L’incidence de l’AIT a été rapportée comme étant de 2 à 5,3%.1,2 Par conséquent, avant l’instauration d’un traitement par amiodarone, les patients doivent subir au moins un dosage de base de la TSH (et éventuellement un dosage de la T4 ou de la T3 libre) et ces dosages doivent être répétés au moins tous les 6 à 12 mois par la suite ou en fonction de l’émergence de symptômes d’hyperthyroïdie. Malheureusement, les tests de laboratoire de la fonction thyroïdienne ne permettent pas de distinguer l’ACI de type I de l’ACI de type II.8 En général, les patients atteints d’ACI présentent une TSH basse, les taux de T4 libre sont normaux ou élevés et les taux de T3 sont normaux ou élevés.8 Bien qu’ils ne soient pas systématiquement vérifiés dans cette situation, les auto-anticorps thyroïdiens sont absents, sauf si le patient souffre d’une maladie de Basedow sous-jacente. L’apparition de l’hyperthyroïdie induite par l’amiodarone se produit généralement dans les 18 premiers mois.12
Si un patient développe une thyrotoxicose induite par l’amiodarone, quelles sont les options thérapeutiques à envisager ?

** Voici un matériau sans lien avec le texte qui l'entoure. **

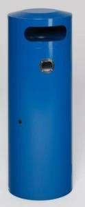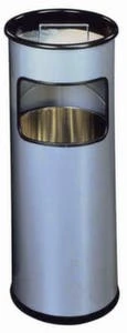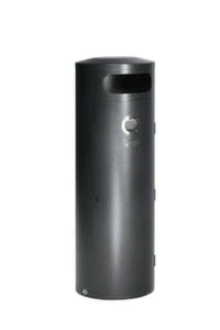 Kombiascher, Höhe x Durchmesser 1245 x 420 mm, Abfallbehälter Inhalt 90 l, Korpus aus Stahl mit Pulverbeschichtung in silber, Aschereinsatz Inhalt 4,5 l, ohne Schutzdach, verschließbar mit Doppelbartschloss, einfache Entleerung über Tür.

Chez les patients qui développent une TIA de type I, il est recommandé d’interrompre l’amiodarone si possible8. De plus, l’utilisation de médicaments antithyroïdiens (tels que le méthimazole ou le propylthiouracile), de perchlorate (non disponible aux États-Unis) et de lithium peut également être envisagée.8,13,14 Alors que dans l’ACI de type II, l’arrêt de l’amiodarone peut ne pas être essentiel et l’utilisation de stéroïdes (comme la prednisone) est recommandée.7,15,16 Bien que nous n’ayons pas connaissance de preuves à l’appui, il est plausible que chez les patients où l’amiodarone a été initié pour une fibrillation auriculaire, l’amiodarone puisse être remplacé par la dronédarone. Quoi qu’il en soit, puisqu’il est difficile de distinguer cliniquement le type I du type II, certains ont recommandé la coadministration de 40 mg de méthimazole par jour avec 40 mg de prednisone par jour pendant un maximum de 1 à 2 mois, en fonction de la réponse.17 Si aucune réponse n’est observée avec ce qui précède, une thyroïdectomie peut être indiquée.